Is this right? :/ Motional emf is a subject I am very weak on. I've looked through several textbooks at the library...and still the subject is pretty scary to me!

Also to .Scott: wouldn't the current stop when the bar reaches the end of the rails?

I say that because my textbook says that this is the only reason we use rotating coils in real life, because having infinitely long rails to produce current is impractical.

BruceW
Homework Helper
My question pertained to Faraday and Lenz's Law. Say the bar is set at the very bottom of the bar at f-a.

My first question is: If there is a voltage applied between points a and f, why does bar begin to climb the slope? Eventually coming to rest at an elevated point?
yes, I think the bar does climb the slope (as long as the current is in the correct direction). But I can't think of how to explain it with Faraday's law. I think it is simpler to explain with the idea of the Lorentz force.

The passage says it definitely does climb it, but gives no explanation as to why. I think they assume I should know :/ lol

BruceW
Homework Helper
personally, I can only understand it by thinking about the Lorentz force law on a current-carrying wire. have you learned about this yet?

What is changing is the current. It will climb until the it generates enough force to be repelled by the magnetic field. But I am not clear on why the current would not continue to build.

The current will be naturally limited by the resistance of the bar and the power supply. Anyway, Lenz's law seems irrelevant here, it says nothing about the force acting on the bar.

I also believe that the interaction with the magnetic field produced by the circuit itself should be neglected, in most lab setups the self-force on conductors is negligible. Not in a rail gun, though.

dlgoff
Gold Member
I also believe that the interaction with the magnetic field produced by the circuit itself should be neglected, in most lab setups the self-force on conductors is negligible.
Yep. Maybe the problem has an external magnetic field that the OP has missed?

Yep. Maybe the problem has an external magnetic field that the OP has missed?

It is there :)

Lastly there is a magnetic field starting from the "base", rising up to the top of the plane of the computer screen. So basically the B field is perpendicular to the base, which is labeled in the figure.

This problem is way over my head. :/ *white flag* I surrender. Hopefully it doesn't come up on the MCAT!

dlgoff
Gold Member
It is there :)
oops

This problem is way over my head. :/ *white flag* I surrender. Hopefully it doesn't come up on the MCAT!

Have you studied the Lorentz force?

I took physics a while back and am only just refreshing before the MCAT. I remember the equation F = Eq + qvB.

Very well. Note the second term on the right hand side has charge and velocity. Can you express that as current?

Very well. Note the second term on the right hand side has charge and velocity. Can you express that as current?

qvB = IxB? Where x is distance?

BruceW
Homework Helper
yep. often you'll see it written as BIL (where L is x). You can work out the angle at which the bar will stop moving, if you also consider that there is a gravitational force downwards, and a normal force perpendicular to the rails. That is the most likely question they will ask you, I think ;)

.Scott
Homework Helper
Also to .Scott: wouldn't the current stop when the bar reaches the end of the rails?
According to the problem, the bar stops "at an elevated point" - I presume that to be short of the top. Should the current ever be interrupted by the bar reaching the end of the rails, the result would be explosive. The magnetic field would collapse and all the accumulated energy would be directed in heating the air in the conduction gap.
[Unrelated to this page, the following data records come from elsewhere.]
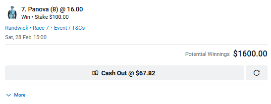 For my Week 50 bet, I’ve had $100 on Panova @ $16.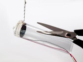 Stosse den weissen Kunststoffteil in den Schlitz des Folienrohres und presse die Folie an die Doppelklebebandstücke.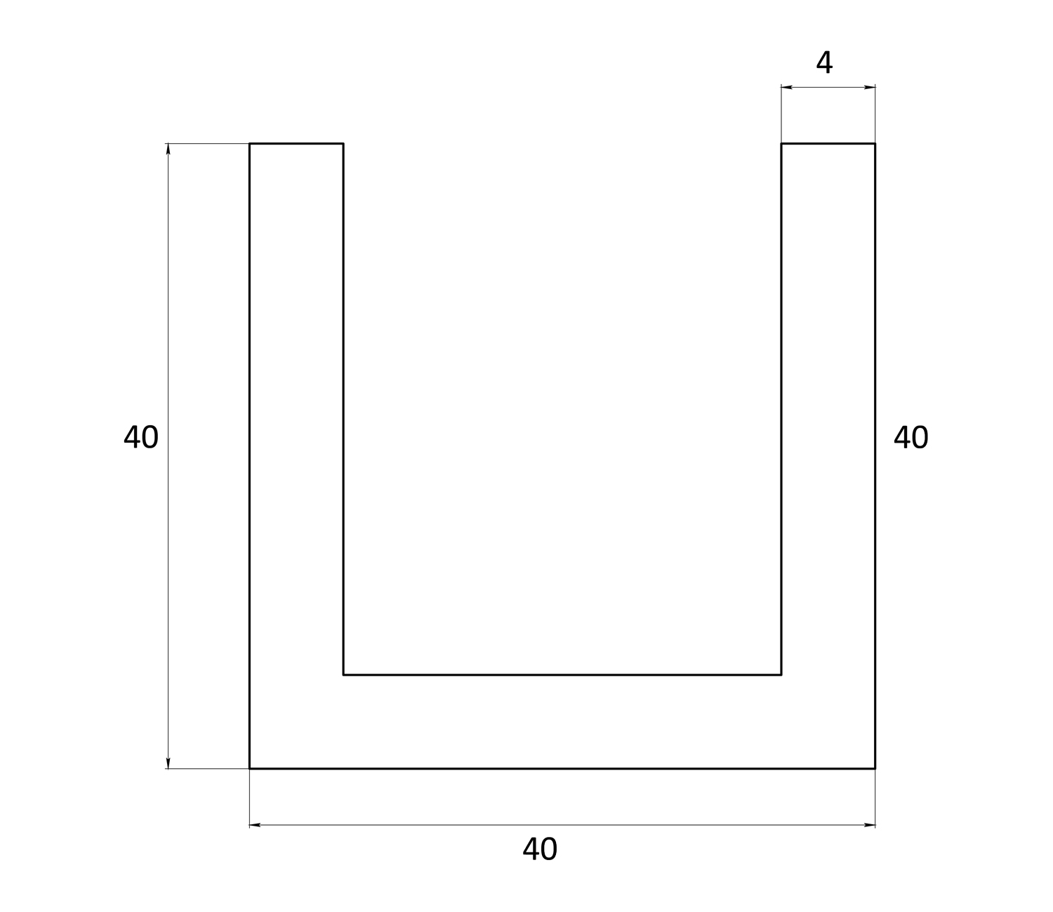 Алюминиевый швеллер сечением 40х40х40х4 мм представляет собой П-образный профиль и является идеальной заменой железным аналогам.
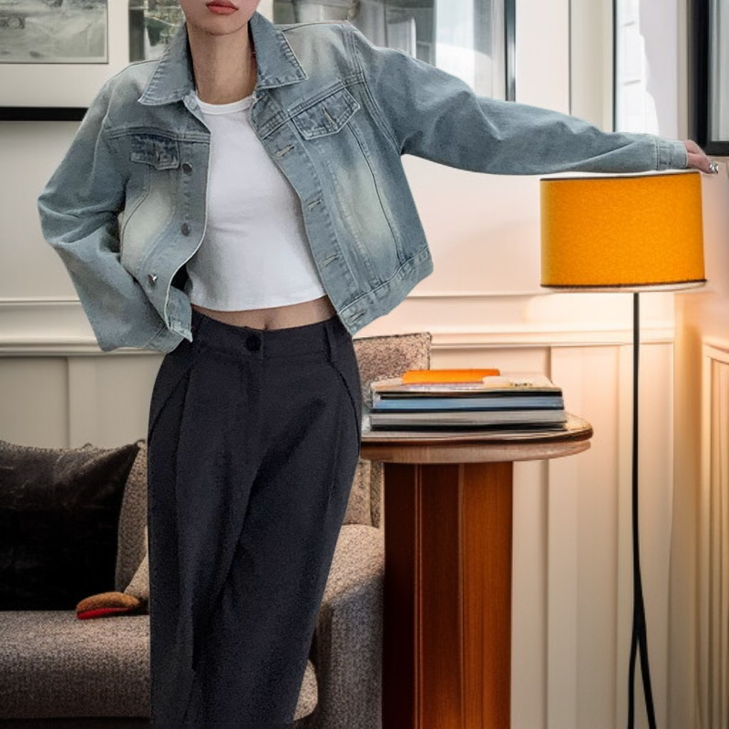 ● トレンド感溢れるルーズフィットデザインで、体型を選ばずスタイリッシュに着こなせるデニムショートコートです。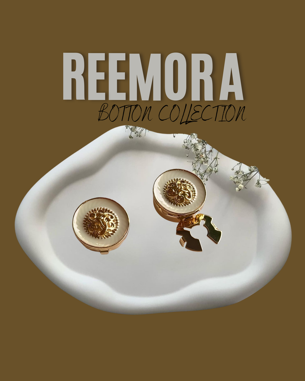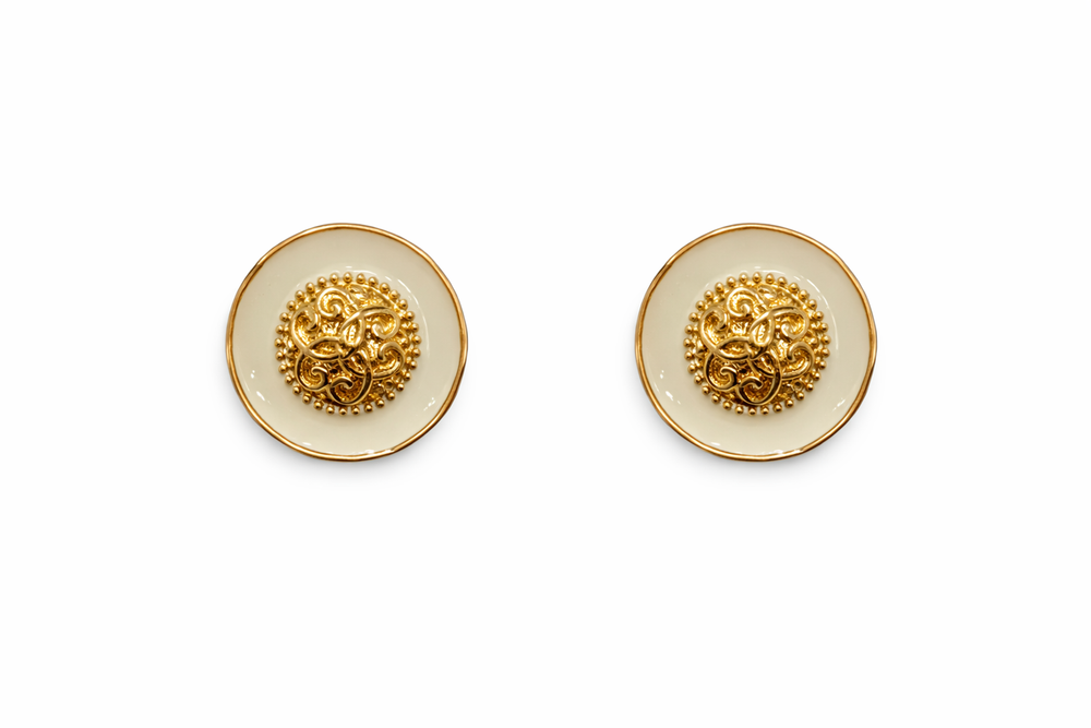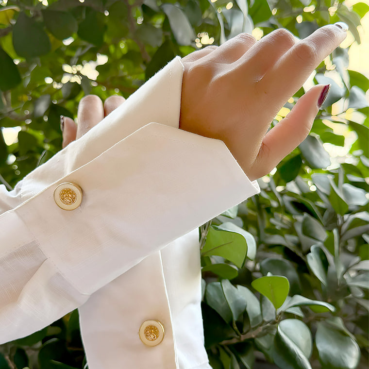 Timeless round cufflinks featuring an intricate gold crest set against a soft ivory base. A refined choice for formal occasions and heritage-inspired wardrobes.

We're presuming that there is no resistance. That's the way these problems work.

What is happening is that the external magnetic field is actually pushing the rod back and the rail is directing it upward. There is nothing to stop the current from climbing, but the amount of force require to climb becomes greater and greater as the slope increases - eventually matching the rate at which energy can be pumped into the circuit given the inductance.

I didn't quite catch on to the whole system last night. I must be a little more awake tonight.